◆ **HOW TO COMPLETE THIS TASK**: Below are some records. Write out exactly their lines from the one with "Latest research data" through the one with "Кресло компьютерное игровое", and leave the pictures behind.

------ EXTRACTED DATA

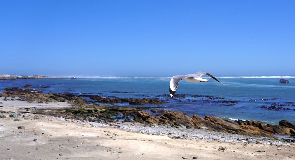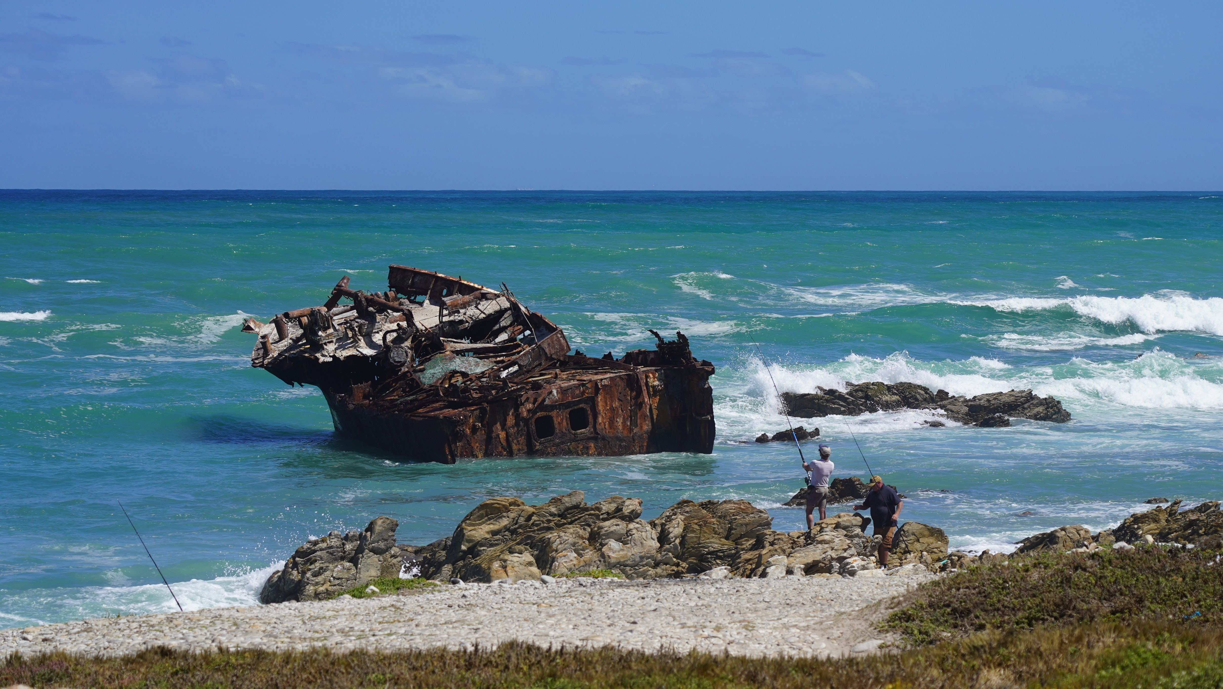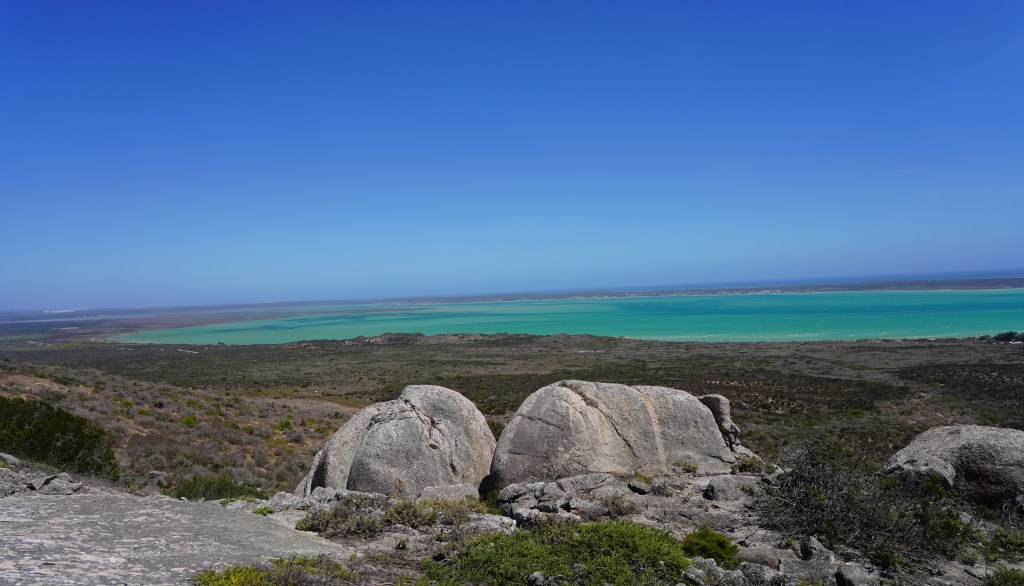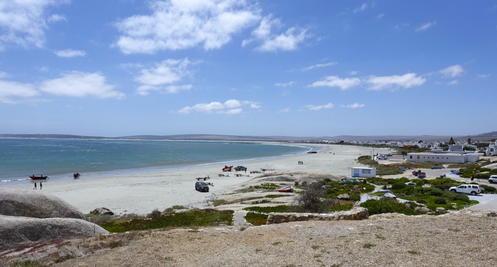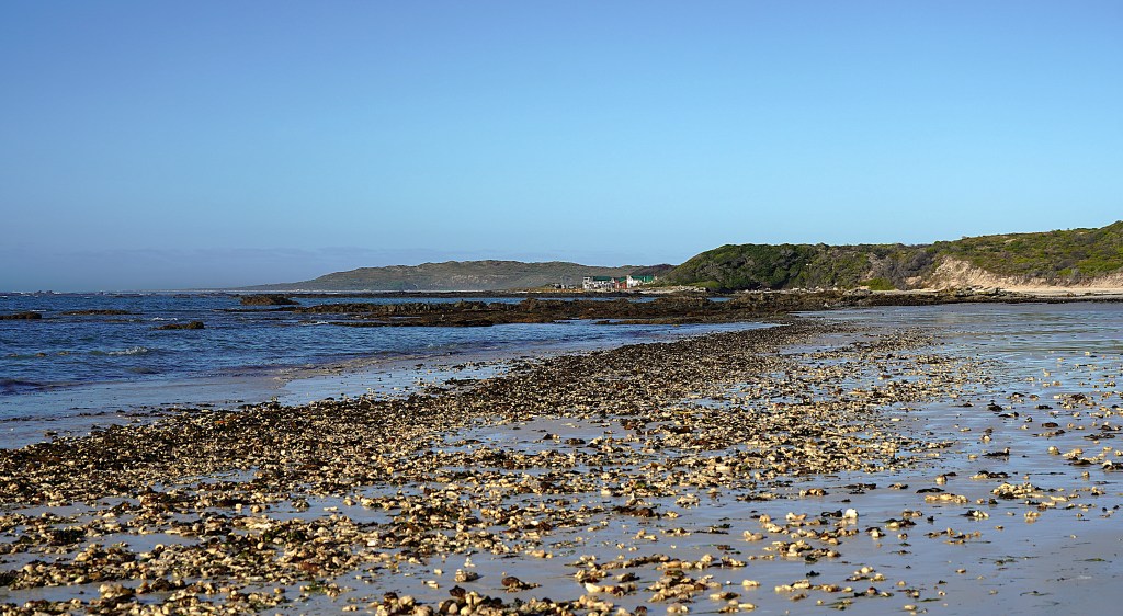 Unser Ziel ist der Agulhas National Park, in dem sich mit Cape Agulhas der südlichste Punkt des afrikanischen Kontinents befindet. Dementsprechend wechseln wir in Hawston die Richtung und fahren der Küste entlang Richtung Osten. Bald schon erreichen wir Hermanus, das von Juni bis November fantastische Walbeobachtungen verspricht. Seine weitläufigen Sandstrände sind hauptsächlich bei Touristen aus dem nahen Cape Town beliebt. Die Hauptattraktion des gut 50 Kilometer weiter östlich liegenden Gans Bay ist indessen das «Haikäfigtauchen». Da für Walbeobachtungen aktuell der falsche Zeitpunkt ist und wir dem Tauchen in Käfigen keine Sympathien abgewinnen können, fahren wir weiter zum weithin unbekannten Quoin Point Nature Reserve, wo wir die Ruhe und Abgeschiedenheit der weitläufigen Campsite einzig mit zwei südafrikanischen Fischern teilen.
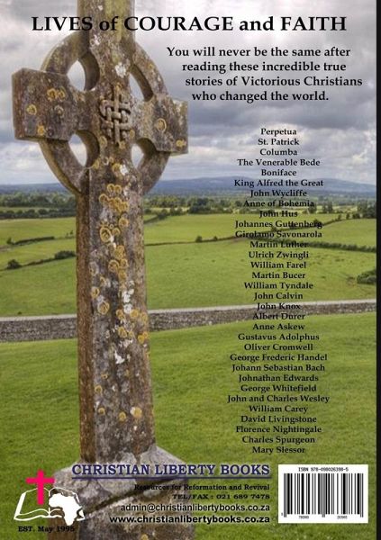 Victorious Christians includes: 32 Character studies with over 260 pictures. The 380-page book includes 10 Reformers, 6 Martyrs, 6 Missionaries, 4 Evangelists, 4 Professors, 3 Soldiers, 2 Musicians, 2 Kings, 1 Artist, an Inventor, an Historian and a Queen. This book provides fascinating insights to virtually every age of Church history by focusing on Christian characters, their courage and convictions in times of crisis. Lavishly illustrated, this book can be used for recreational reading by those who enjoy reading Biographies, or as a treasure trove of illustrations and examples for pastors, teachers and homeschoolers. Each character's biography contains enough information to make them familiar without being too long of a read. The many many pictures collected by Dr Hammond will be of interest to adults and children alike and will further cement the reality of the life and times of the book's subjects.
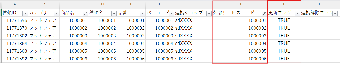 CSVの「外部サービスコード」の列にスマレジの商品コードを入力、「更新フラグ」の列に「TRUE」を入力してCSVを保存
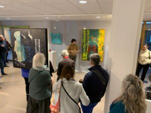De deelnemende kunstenaressen lichten hun werken toe aan geïnteresseerden, waaronder de wethouder natuurlijk.
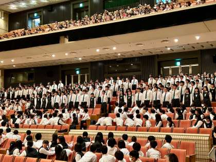 まず9年生の合唱発表です。9年生は昨年度後半から、できる範囲で『大地讃頌』の練習に取り組んできました。以前この曲は、9年生の課題曲として各クラス別々に歌っていましたが、学級増に伴い時間的な制約も出てきたため、今回から学年合唱として披露しました(写真・上)。
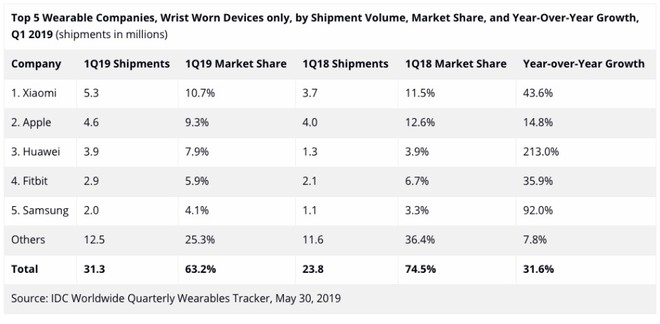 Latest research data released by market research firm IDC shows that Apple continues its dominance of the wearable market. However, the gap continues to shrink as Samsung and Huawei rapidly mount pressure on the US giant with impressive shipments.
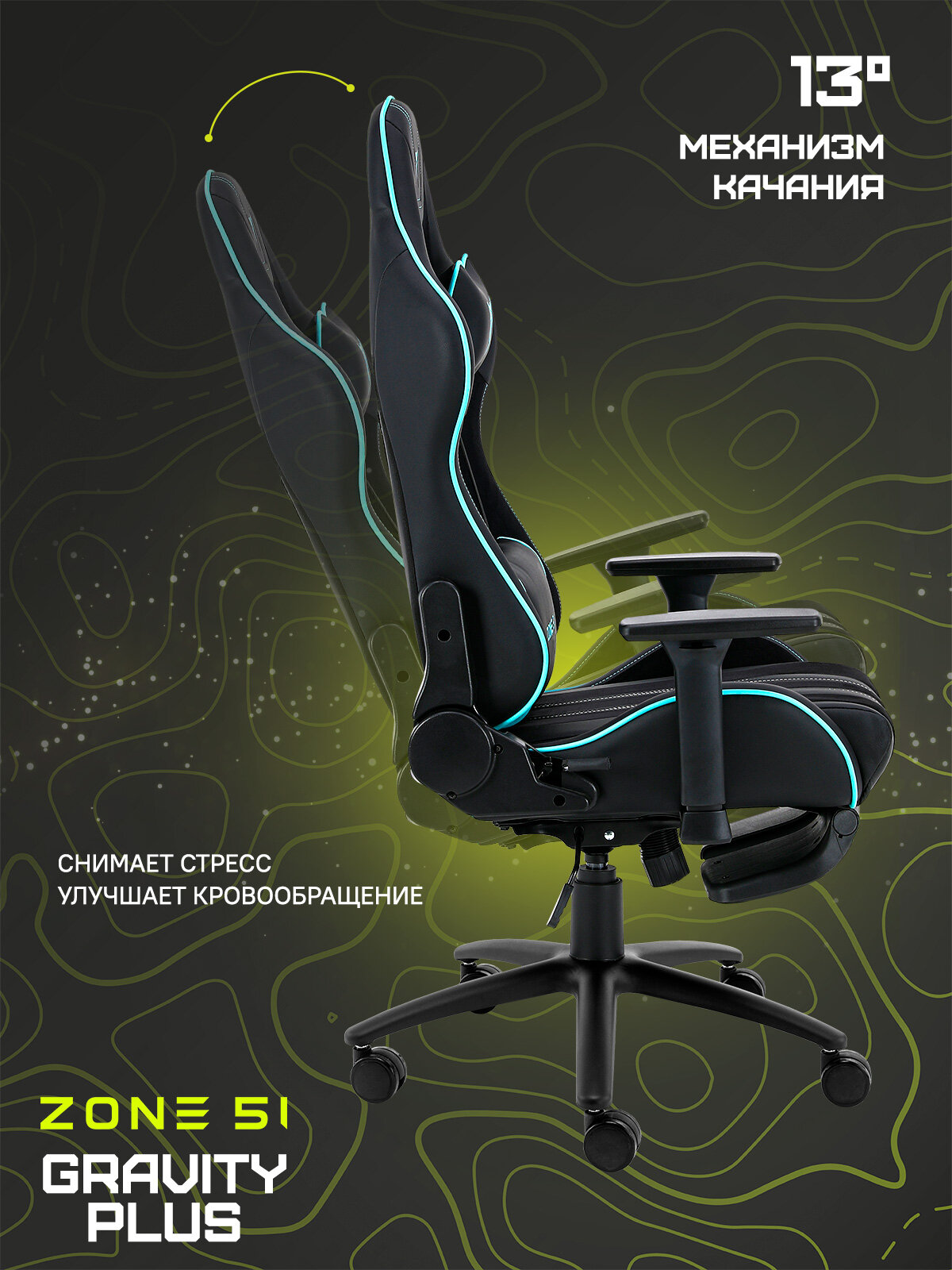 Кресло компьютерное игровое ZONE 51 GRAVITY PLUS Black-Cyan информация:
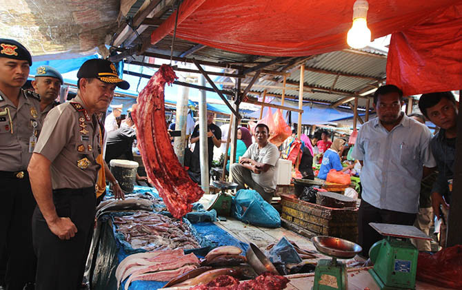 JawaPos.com - Polda Riau bersama dengan Forkopimda melakukan inspeksi mendadak (sidak). Sasarannya Pasar Bawah, Jalan Jenderal Sudirman Ujung, Pekanbaru. Sidak dilakukan untuk mengecek stabilitas harga sembako jelang Idul Fitri 1439 Hijriah.
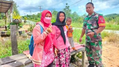 JEJAKKHATULISTIWA.CO.ID, Kutai Timur – Koramil 0909-01 Sangatta, Babinsa Teluk Lingga Kopti Yoyok bersama bidan langsung mendatangi dari rumah ke rumah…

------------

◆ **SOLVED PROBLEM**:
 Latest research data released by market research firm IDC shows that Apple continues its dominance of the wearable market. However, the gap continues to shrink as Samsung and Huawei rapidly mount pressure on the US giant with impressive shipments.
 Кресло компьютерное игровое ZONE 51 GRAVITY PLUS Black-Cyan информация:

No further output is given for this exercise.